You are the CISO working for a direct bank based in Taiwan that relies entirely on internet banking. You are preparing the data policy and considering the data classification scheme. You prefer the classification criteria that cover widespread concerns. Which of the following classification criteria best meets your requirement?
C. Business value
D. Recovery cost
Kindly be reminded that the suggested answer is for your reference only. It doesn’t matter whether you have the right or wrong answer. What really matters is your reasoning process and justifications.
My suggested answer is C. Business value.
Asset classification is the process of a systematic arrangement of assets by assigning an asset to a named class (group, category, tier, or level) based on criteria such as legal or regulatory requirements, sensitivity, criticality, impact, or business value to determine its protection needs.
A classification scheme refers to the named classes, criteria, and procedures used for classification.
Sensitivity is “a measure of the importance assigned to information by its owner, for the purpose of denoting its need for protection.” (NIST SP 800-60 Vol. 1 R1)

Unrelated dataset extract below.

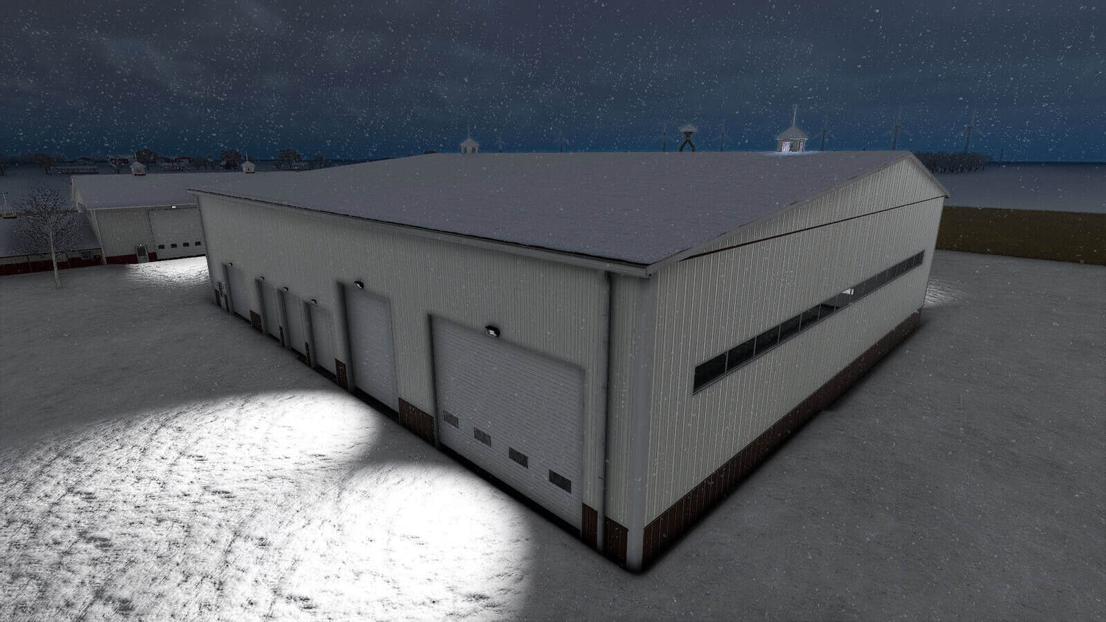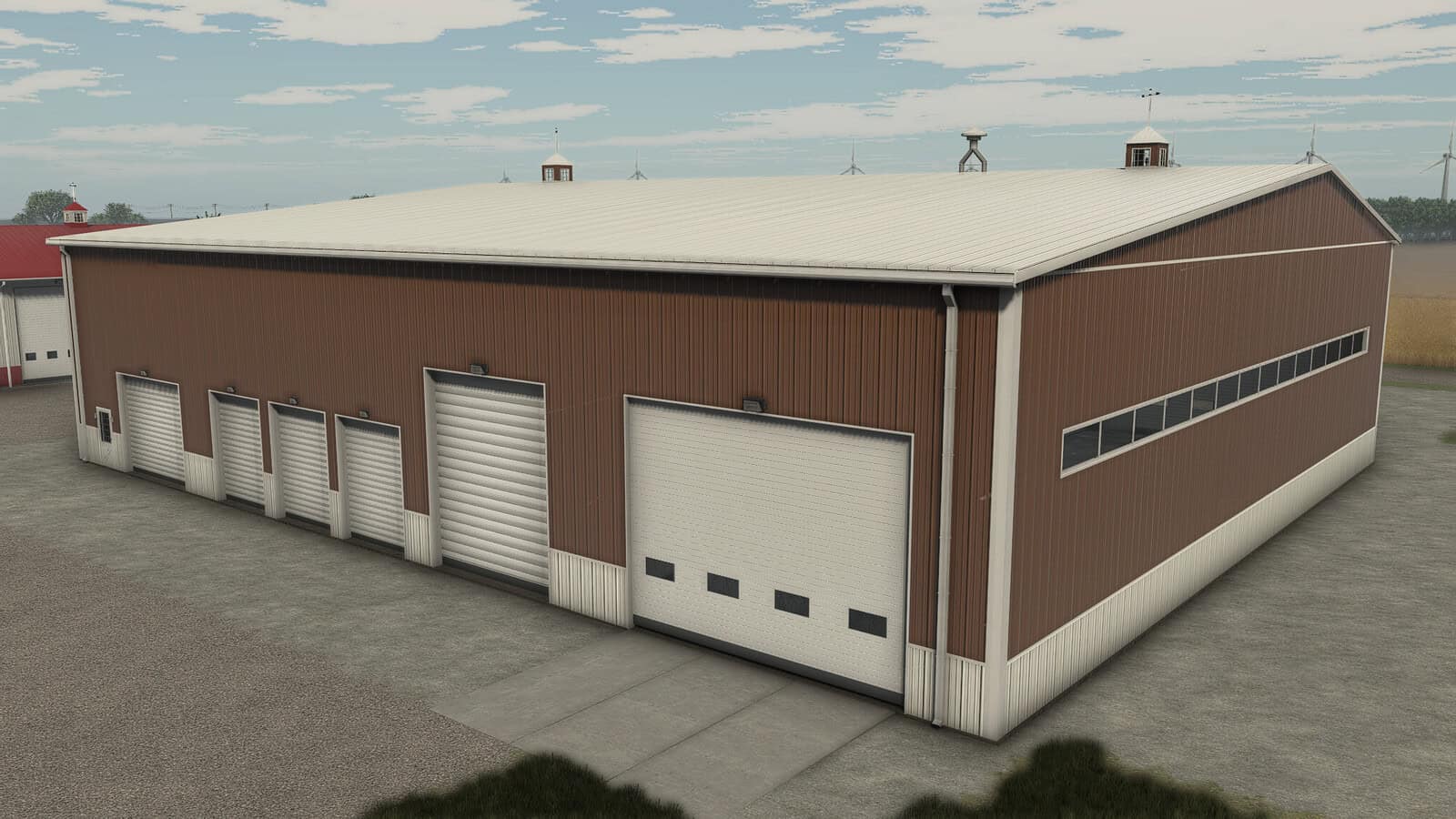American Midwest Machine Shop with workshop. Building has roller doors, large hydraulic doors and person doors. Here You can store grains, pallets and vehicles and them repair, sell or customize it. It has full lightning inside and outside manual and automatic nightlights above every person doors. Middle metal part of hall with color options.

However, the importance is typically measured in terms of the degree of impact to the security objective of confidentiality resulting from loss or unauthorized access to sensitive data.

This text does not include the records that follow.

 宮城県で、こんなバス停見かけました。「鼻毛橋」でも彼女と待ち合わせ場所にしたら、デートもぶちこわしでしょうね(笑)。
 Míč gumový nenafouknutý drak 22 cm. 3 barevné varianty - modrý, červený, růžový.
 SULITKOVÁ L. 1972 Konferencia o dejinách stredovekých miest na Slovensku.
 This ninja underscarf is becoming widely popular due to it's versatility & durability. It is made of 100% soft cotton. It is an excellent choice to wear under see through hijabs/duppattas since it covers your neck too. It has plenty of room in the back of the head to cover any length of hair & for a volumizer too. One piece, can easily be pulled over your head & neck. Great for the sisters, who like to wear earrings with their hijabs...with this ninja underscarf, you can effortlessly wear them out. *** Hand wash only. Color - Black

Criticality is “a measure of the degree to which an organization depends on the information or information system for the success of a mission or of a business function.” (NIST SP 800-60 Vol. 1 R1)
Criticality is typically evaluated in terms of the security objective of availability.
Value is anything of importance, significance, use, or benefit. Business value expands the concept of value beyond economic value to include other forms of value, many of which are not directly measured in monetary worth.
In terms of information security, the business value may include considerations of asset value, sensitivity, criticality, impact level, legal or regulatory requirements, and so forth.